Your instructions
At the line containing "Humanization design makes", begin an exact copy, and continue through the last line of the entries below. Leave out any pictures.

Records supplied
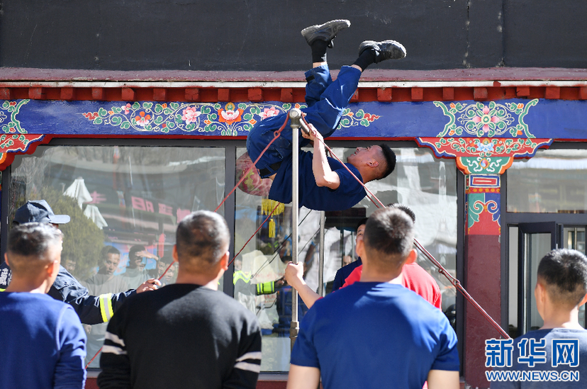 布達(dá)拉宮消防救援大隊(duì)隊(duì)員開(kāi)展例行體能測(cè)試(3月4日攝)。新華社記者 孫瑞博 攝
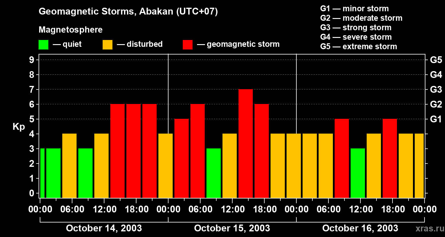 Geomagnetic storms in Abakan — Oct 16, 2003
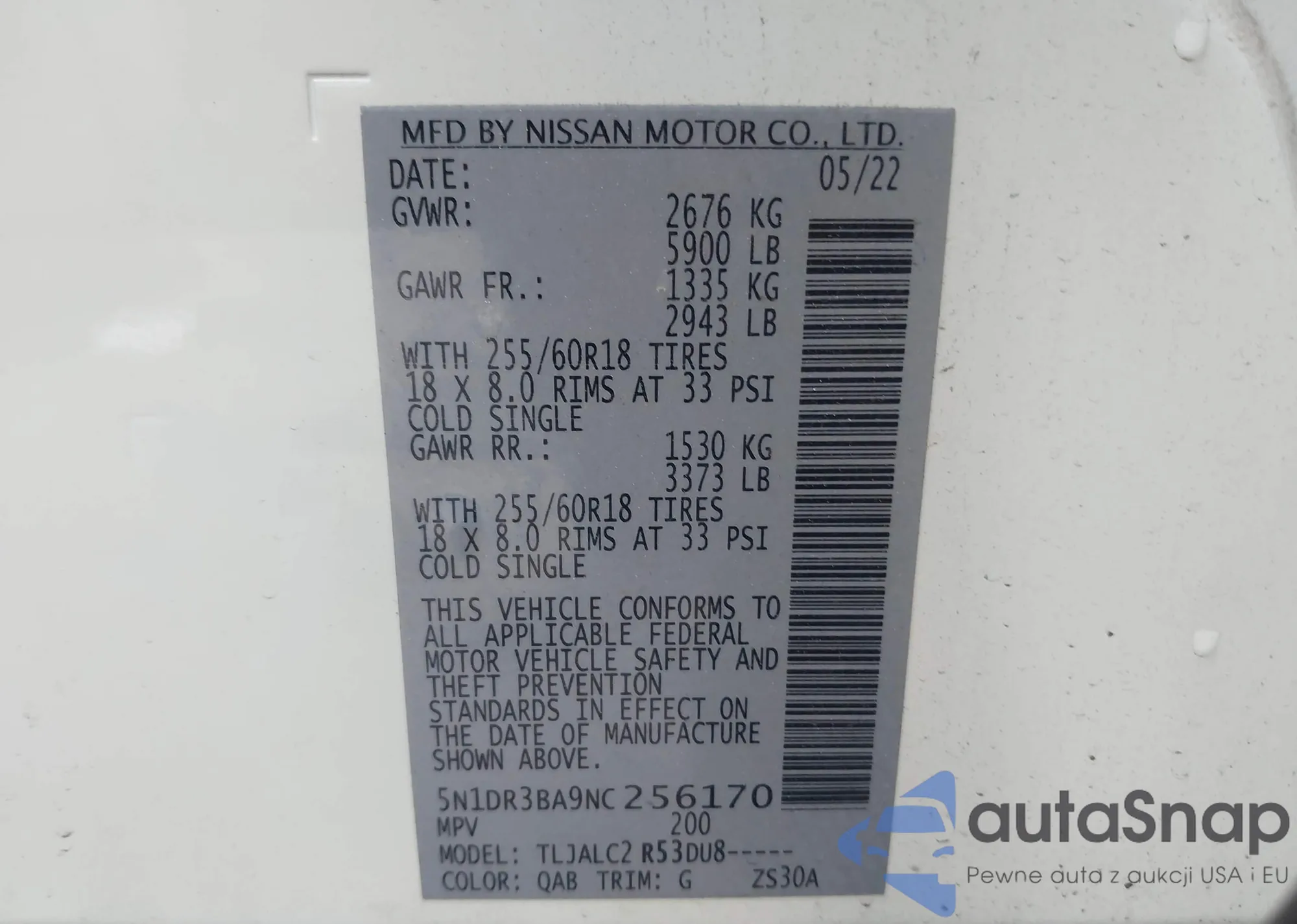 • VIN: 5N1DR3BA9NC256170
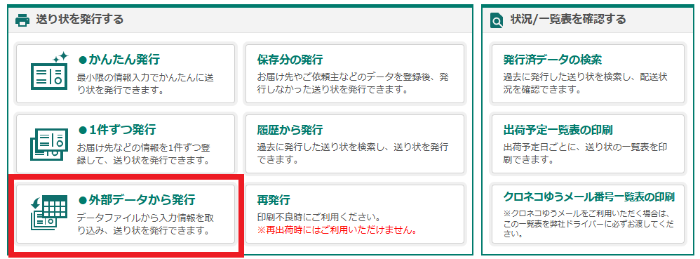 【2】「外部データから発行」をクリック
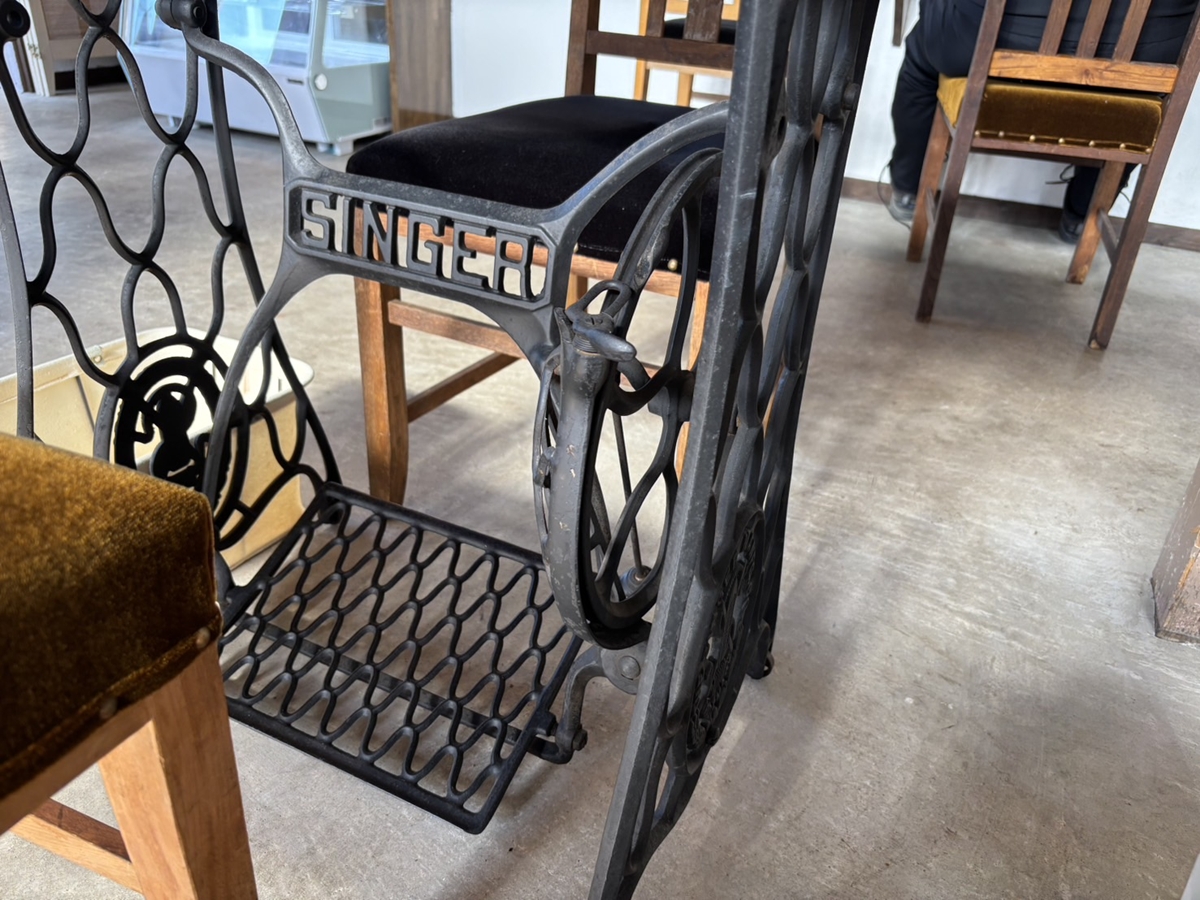 足踏みミシンがテーブルになっている席もあります。
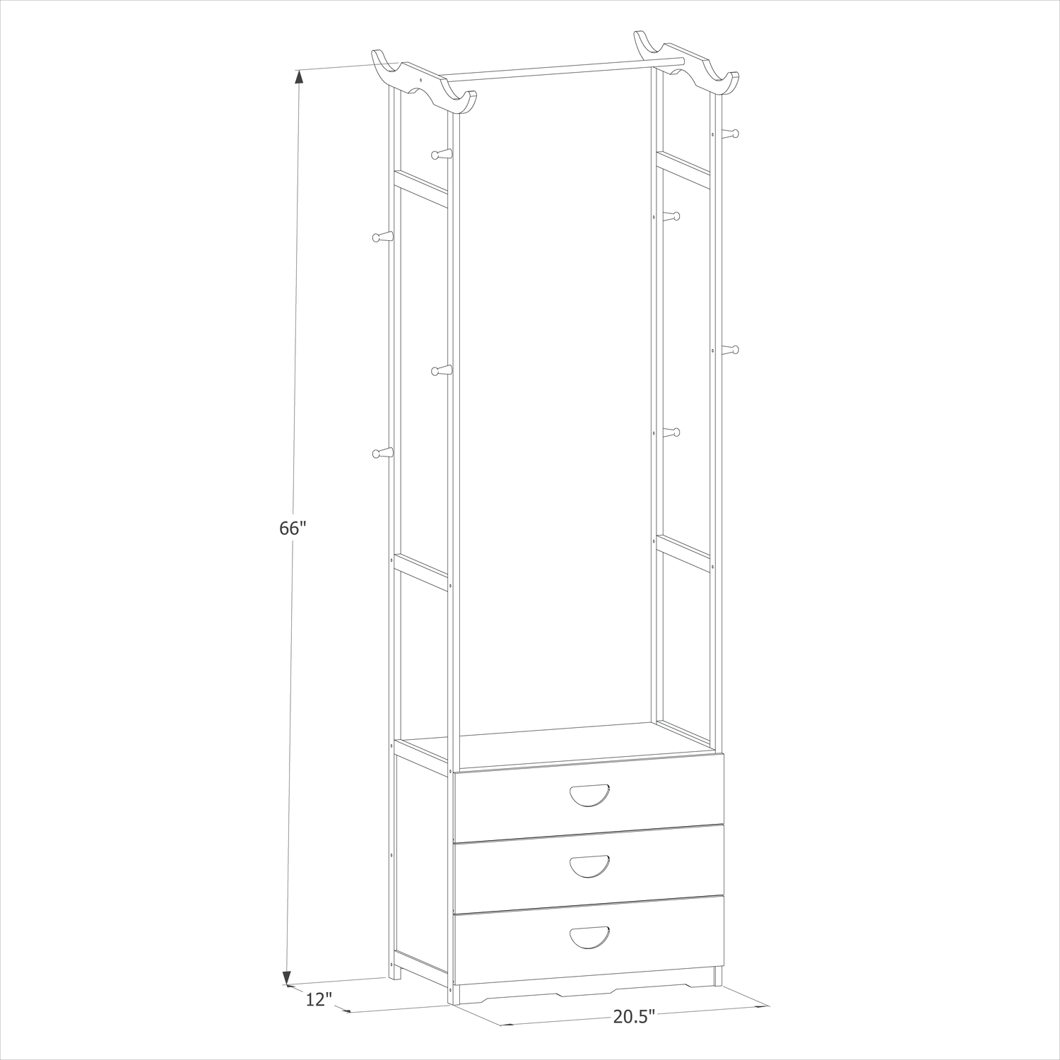 Humanization design makes this furniture beautiful and practical: Hanging up your clothes instead of tucked away in drawers. The bars beside are a handy place to hang your hats, handbags, or scarves. Three drawers below provide an enclosed space for your underwear. You can also put some fabric storage bags with daily items in them on the drawers to make full use of this rack. Square shape in reinforced design to make sure its large capacity and storage ability. Simple design and clean lines give this rack a concise style, but multifunction usage for the living room or bedroom.
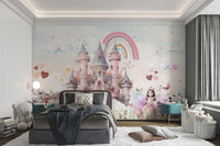 Whimsical castle with a unicorn and rainbow for a magical room setting

Your solution
 Humanization design makes this furniture beautiful and practical: Hanging up your clothes instead of tucked away in drawers. The bars beside are a handy place to hang your hats, handbags, or scarves. Three drawers below provide an enclosed space for your underwear. You can also put some fabric storage bags with daily items in them on the drawers to make full use of this rack. Square shape in reinforced design to make sure its large capacity and storage ability. Simple design and clean lines give this rack a concise style, but multifunction usage for the living room or bedroom.
 Whimsical castle with a unicorn and rainbow for a magical room setting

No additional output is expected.